### WORK REQUEST
Search the data for the word "black" and copy out every line that has it.

(Recorded data)
# # #
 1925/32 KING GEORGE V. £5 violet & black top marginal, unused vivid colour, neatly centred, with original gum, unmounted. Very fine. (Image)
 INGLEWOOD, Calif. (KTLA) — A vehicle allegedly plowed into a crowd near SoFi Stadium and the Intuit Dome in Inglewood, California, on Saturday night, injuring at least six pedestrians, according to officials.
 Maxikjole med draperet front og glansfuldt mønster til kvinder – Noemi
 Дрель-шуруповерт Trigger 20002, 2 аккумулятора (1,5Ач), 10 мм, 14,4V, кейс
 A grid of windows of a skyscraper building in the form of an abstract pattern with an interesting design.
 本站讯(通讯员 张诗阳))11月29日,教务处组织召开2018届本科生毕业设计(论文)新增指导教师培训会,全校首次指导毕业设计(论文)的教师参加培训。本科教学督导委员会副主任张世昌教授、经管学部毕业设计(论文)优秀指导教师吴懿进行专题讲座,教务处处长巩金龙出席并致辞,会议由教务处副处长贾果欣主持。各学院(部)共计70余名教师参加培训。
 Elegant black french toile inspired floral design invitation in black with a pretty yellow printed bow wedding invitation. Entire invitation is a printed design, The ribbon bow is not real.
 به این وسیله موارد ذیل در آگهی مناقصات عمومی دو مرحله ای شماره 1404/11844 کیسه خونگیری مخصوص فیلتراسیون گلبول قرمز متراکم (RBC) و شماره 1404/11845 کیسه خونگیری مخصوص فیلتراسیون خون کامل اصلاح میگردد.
# # #
### RESULT OF THE TASK
 1925/32 KING GEORGE V. £5 violet & black top marginal, unused vivid colour, neatly centred, with original gum, unmounted. Very fine. (Image)
 Elegant black french toile inspired floral design invitation in black with a pretty yellow printed bow wedding invitation. Entire invitation is a printed design, The ribbon bow is not real.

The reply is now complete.